Sunday, November 8, 2020

After the vote, what will 2021 mean for commercial real estate?

One of the very cool things that has occurred amidst our self-imposed lockdown is a purge! We have closet space we’ve not seen for years. And the clothes we’ve found – oh my! When will I find time to sport that aquamarine leisure suit? Saturday Night Fever, indeed!

With all this stay-at-home stuff, many of us are using the time to rid the clutter. After all, we are spending more time domiciled. Might as well make it work. Akin to the clutter clearance occurring, today’s column is an effort to clean-house and share with you some random thoughts circling my consciousness. So, without further ado – here it goes!

A new administration?

This was authored prior to Nov. 3, even though you’re reading it afterward. Ahh, the miracle of the modern press. Do we have a new president? Or, four more years of the Twitterer in Chief? Or, are the election results mired in legality like 20 years ago. Bush vs. Gore, anyone? Regardless, commercial real estate could be impacted.

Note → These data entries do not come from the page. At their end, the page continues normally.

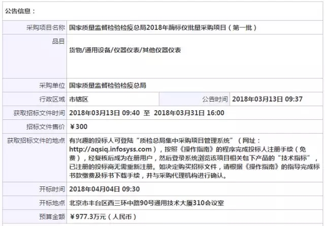 國家質檢總局現就2018年酶標儀批量采購項目(第一批)進行公開招標,采購項目涉及貨物、通用設備、儀器儀表及其他儀器儀表,預算977.3萬元。有興趣的投標人,可以在2018年3月31日前投遞標書,2018年4月4日開標。
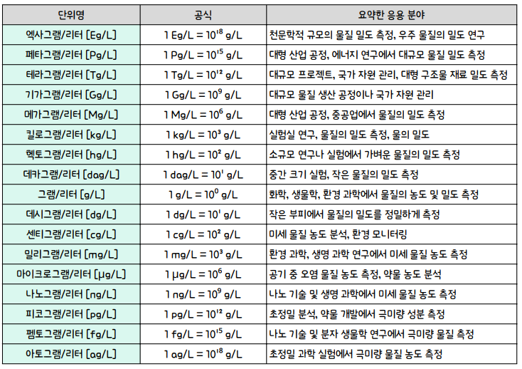 엑사그램/리터 [Eg/L], 페타그램/리터 [Pg/L], 테라그램/리터 [Tg/L], 기가그램/리터 [Gg/L], 메가그램/리터 [Mg/L], 킬로그램/리터 [kg/L], 헥토그램/리터 [hg/L], 데카그램/리터 [dag/L], 그램/리터 [g/L], 데시그램/리터 [dg/L], 센티그램/리터 [cg/L], 밀리그램/리터 [mg/L], 마이크로그램/리터 [µg/L], 나노그램/리터 [ng/L], 피코그램/리터 [pg/L], 펨토그램/리터 [fg/L], 아토그램/리터 [ag/L] 단위에 대해 알아봅니다. 각 단위의 정의, 사용 방법 및 응용 분야를 포괄적으로 설명하며, 단위 변환 계산기도 함께 제공합니다.
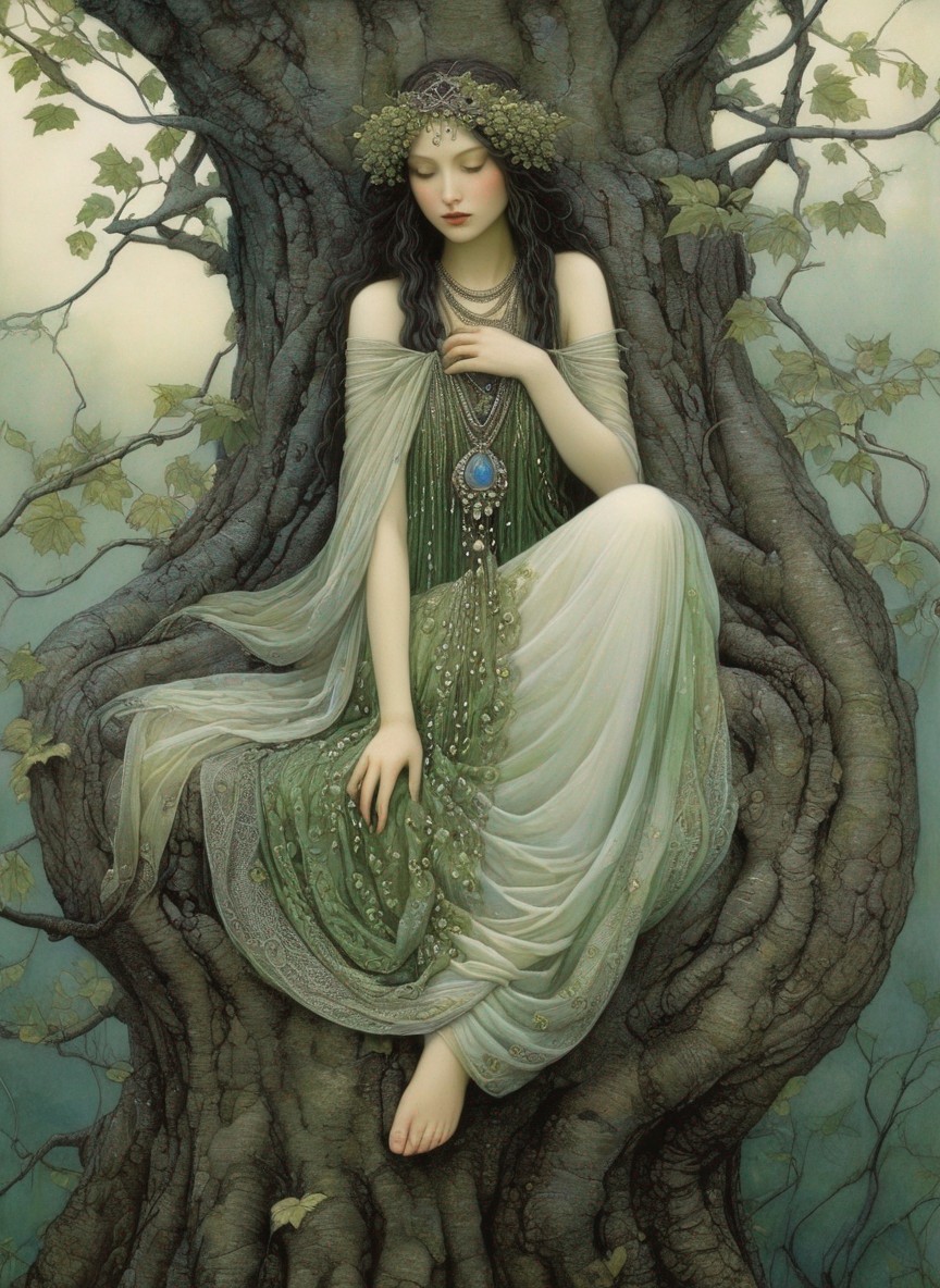 + Prompt:Morea is the name of another female dryad that lives on mulberry trees. Dryad priestess in flowing shawls, by Nicoletta Ceccoli, by Kay Nielsen
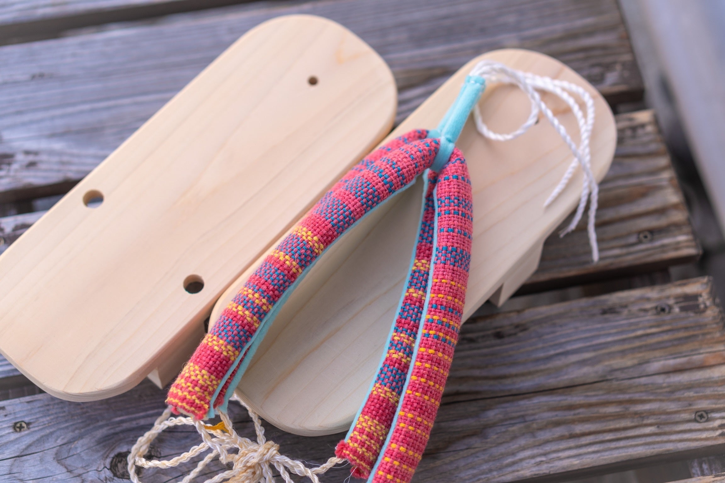 郡上産の鼻緒第一弾である、さをり織りの鼻緒を下駄にすげてお送りいたします。
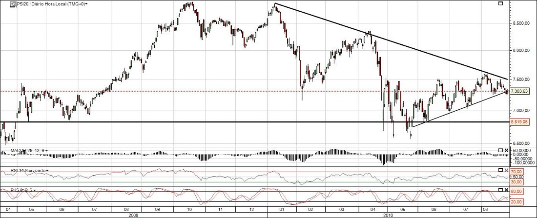 Assim como é verdade que a eventual quebra em alta desta resistência representará um bom sinal de entrada para os bulls, a sua manutenção também abrirá oportunidades interessantes aos bears, que poderão assistir a novas quedas em direcção ao seu suporte nos 6.600 pontos.
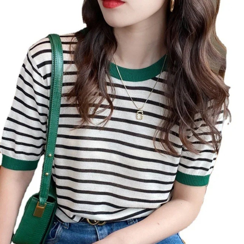 Página inicial Página inicial Roupa e acessórios Roupa de mulher T-shirts e tops de mulher T-shirts e tops de manga curta de mulher Camiseta riscada de mulher com mangas curtas Suéter elegante com decote redondo Top de moda para lazer na cidade e no escritório
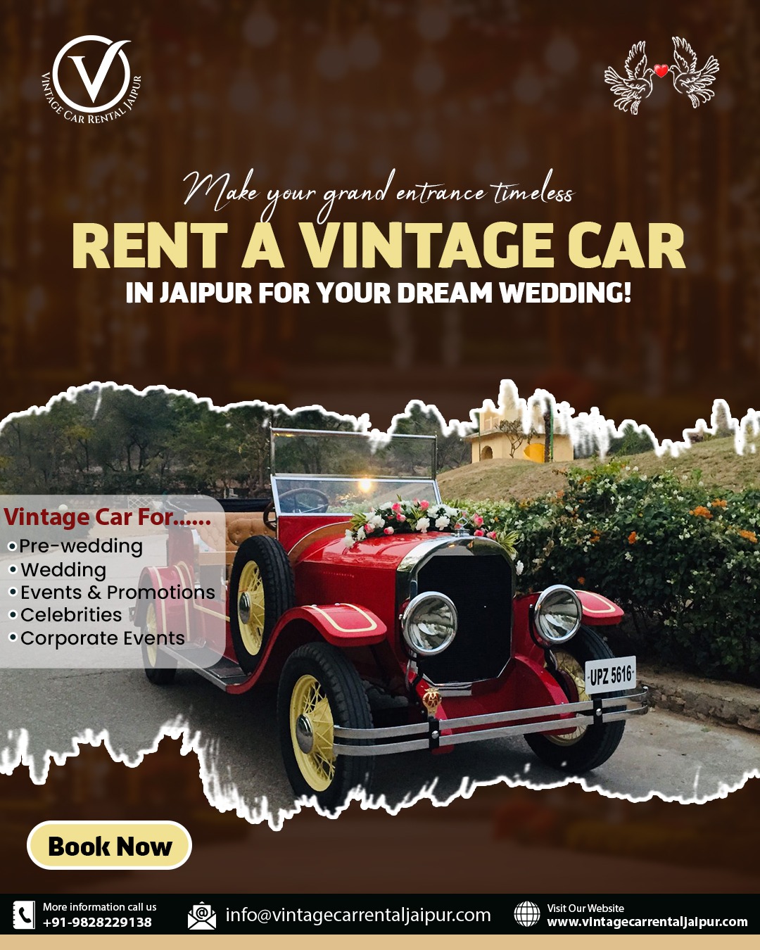 Make your moments unforgettable with our vintage car rental for special occasions in Jaipur! Whether it's a wedding, anniversary, photoshoot, or VIP event, our classic cars add a touch of luxury and elegance. Book now for a royal experience!
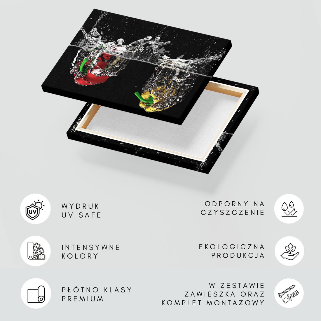 Obraz na płótnie z motywem papryka, woda, plusk to kwintesencja estetyki i trwałości. Dzięki łatwemu montażowi i uniwersalnemu wzornictwu, czyni go idealnym wyborem zarówno do codziennego użytku, jak i na wyrafinowany prezent.
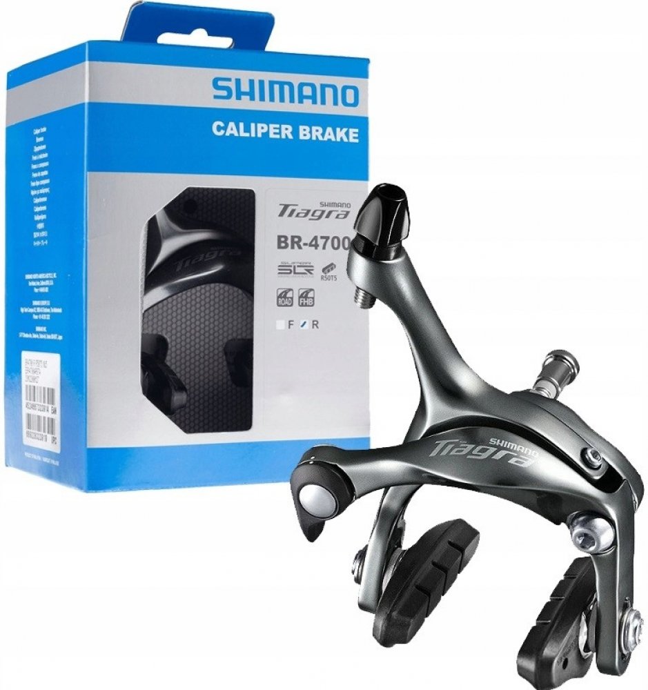 Brzda přední SHIMANO TIAGRA BR-4700 je dvou-osá brzdová čelist na silniční kola. - spolehlivá silniční brzda s hladkým chodem - přední brzda pro upevnění na přední vidlici ( šroub 27,5mm) - o 30% zlepšená modulace účinku s lineárním nárůstem brzdné síly - axiální ložisko čepu snižuje tření čelistí - nový materiál brzdových špalíků s nastavitelnou sbíhavostí - vyšší účinnost na ráfcích za mokra SLR...

Trump has enacted policies favorable to small businesses and the real estate they occupy. Pass-through entity tax breaks, reduction in regulations, energy independence, expansion of the Small Business Administration, all before the pandemic, have all created a robust economy. A Biden administration could portend an end to 1031 tax-deferred exchanges, higher taxes, more government regulation, more dependence upon renewable energy – solar and wind but a kinder, gentler impact upon the environment.

Will interest rates rise, thus making purchasing a business home less affordable? We shall see. In the alternate scenario of “no decision yet” – uncertainty is the biggest culprit of business expansion – read the need for more commercial space. Doubt what I say? Just consider the virus-induced stall currently experienced in office space as companies determine the “right size” for their operation.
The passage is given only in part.